Source data.
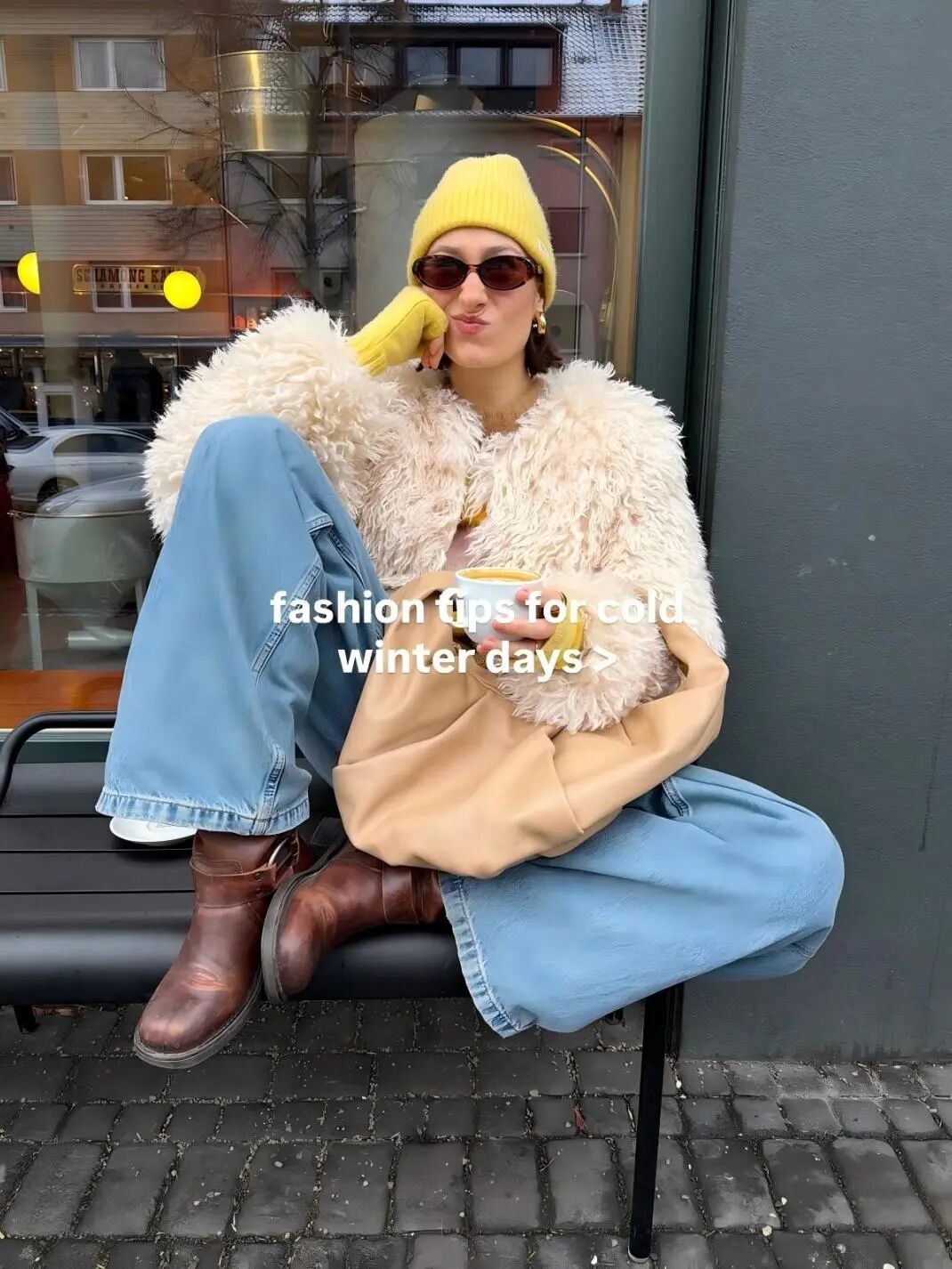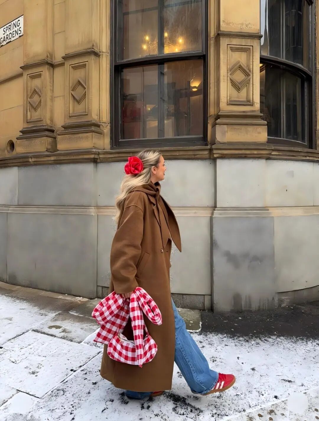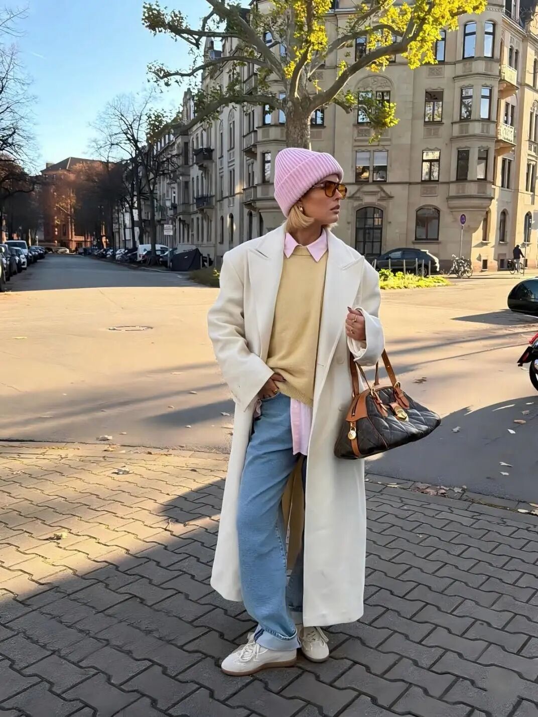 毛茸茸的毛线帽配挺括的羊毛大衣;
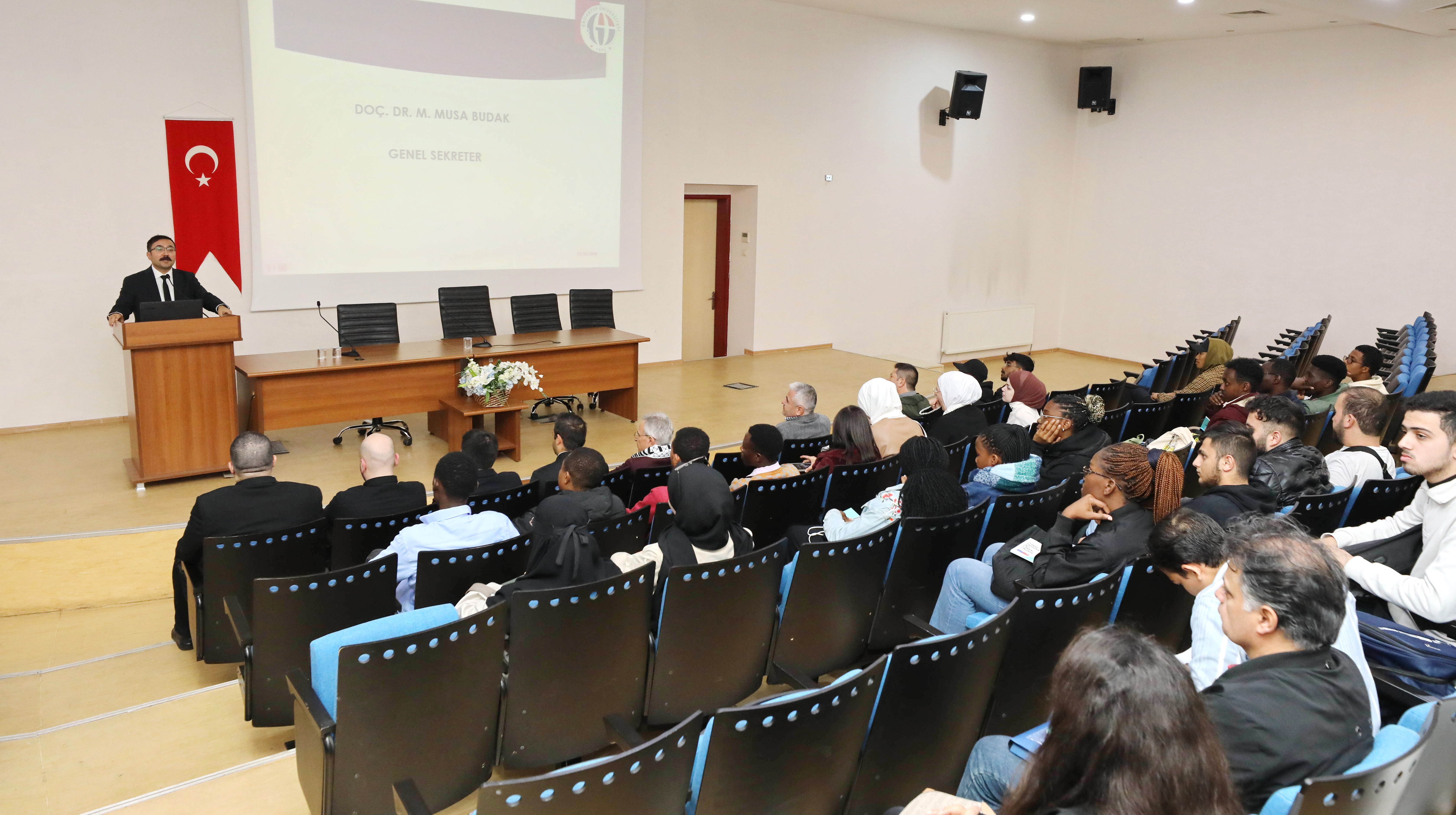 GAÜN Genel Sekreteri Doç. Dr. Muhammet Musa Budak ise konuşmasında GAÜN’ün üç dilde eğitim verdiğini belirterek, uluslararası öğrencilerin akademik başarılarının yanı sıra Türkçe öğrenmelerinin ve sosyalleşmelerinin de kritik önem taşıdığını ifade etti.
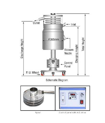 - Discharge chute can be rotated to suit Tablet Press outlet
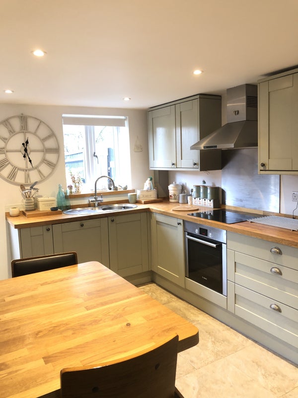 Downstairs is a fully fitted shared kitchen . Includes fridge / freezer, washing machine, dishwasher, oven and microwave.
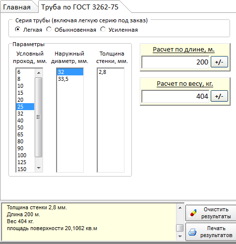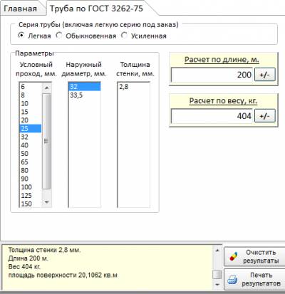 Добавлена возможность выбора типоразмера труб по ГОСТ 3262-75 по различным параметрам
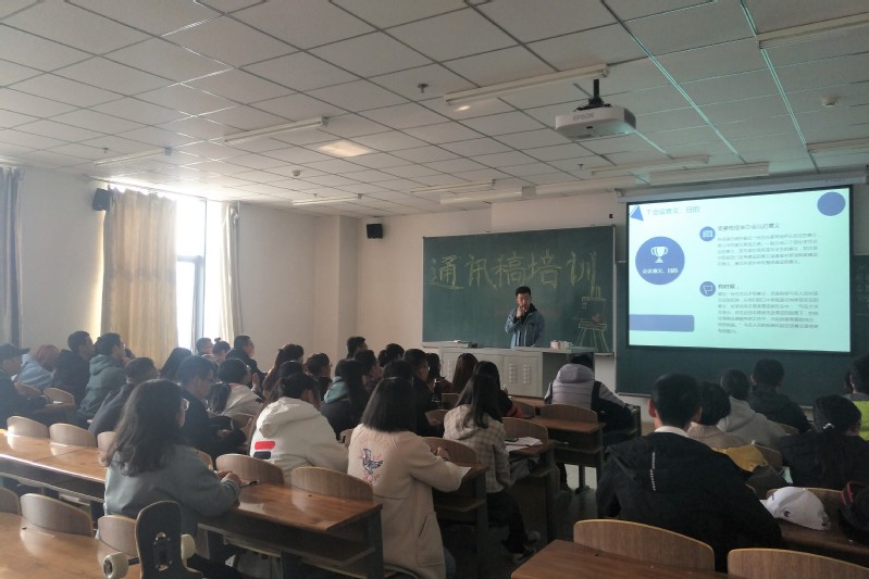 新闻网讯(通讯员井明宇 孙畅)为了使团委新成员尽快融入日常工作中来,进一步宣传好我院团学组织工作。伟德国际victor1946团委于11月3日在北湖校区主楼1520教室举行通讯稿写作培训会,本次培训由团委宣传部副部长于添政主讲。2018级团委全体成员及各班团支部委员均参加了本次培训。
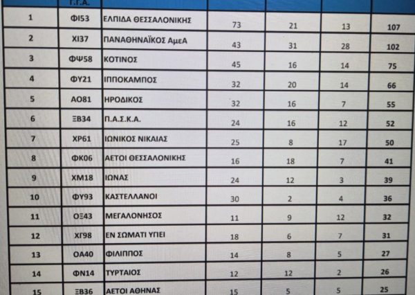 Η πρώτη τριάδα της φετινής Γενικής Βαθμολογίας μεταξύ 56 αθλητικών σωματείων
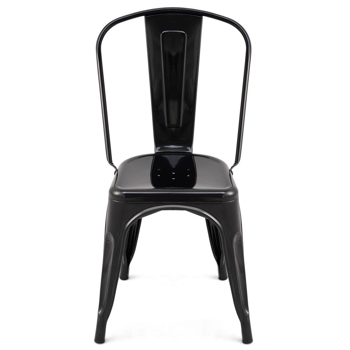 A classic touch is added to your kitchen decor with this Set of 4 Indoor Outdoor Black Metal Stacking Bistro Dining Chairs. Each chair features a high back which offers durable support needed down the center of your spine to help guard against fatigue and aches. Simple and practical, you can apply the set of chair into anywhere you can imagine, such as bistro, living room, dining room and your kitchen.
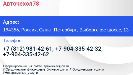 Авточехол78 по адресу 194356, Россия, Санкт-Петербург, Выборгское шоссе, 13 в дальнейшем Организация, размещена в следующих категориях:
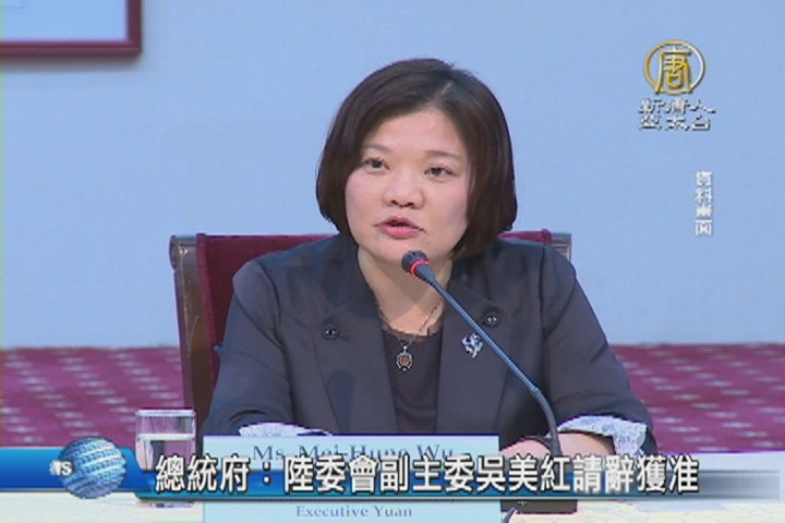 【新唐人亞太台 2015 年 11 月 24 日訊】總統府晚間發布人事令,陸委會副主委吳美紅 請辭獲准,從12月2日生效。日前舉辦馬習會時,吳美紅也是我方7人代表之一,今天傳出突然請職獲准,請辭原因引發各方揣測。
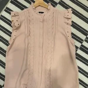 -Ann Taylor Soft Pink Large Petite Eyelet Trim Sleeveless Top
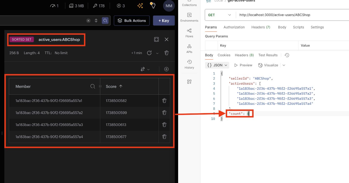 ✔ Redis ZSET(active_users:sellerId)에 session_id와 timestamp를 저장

Exercise goal.
Start with the line above containing "- Discharge chute" and end with the line containing "A classic touch". Set down that stretch exactly, without any pictures.

Output below.
 - Discharge chute can be rotated to suit Tablet Press outlet
 Downstairs is a fully fitted shared kitchen . Includes fridge / freezer, washing machine, dishwasher, oven and microwave.
 Добавлена возможность выбора типоразмера труб по ГОСТ 3262-75 по различным параметрам
 新闻网讯(通讯员井明宇 孙畅)为了使团委新成员尽快融入日常工作中来,进一步宣传好我院团学组织工作。伟德国际victor1946团委于11月3日在北湖校区主楼1520教室举行通讯稿写作培训会,本次培训由团委宣传部副部长于添政主讲。2018级团委全体成员及各班团支部委员均参加了本次培训。
 Η πρώτη τριάδα της φετινής Γενικής Βαθμολογίας μεταξύ 56 αθλητικών σωματείων
 A classic touch is added to your kitchen decor with this Set of 4 Indoor Outdoor Black Metal Stacking Bistro Dining Chairs. Each chair features a high back which offers durable support needed down the center of your spine to help guard against fatigue and aches. Simple and practical, you can apply the set of chair into anywhere you can imagine, such as bistro, living room, dining room and your kitchen.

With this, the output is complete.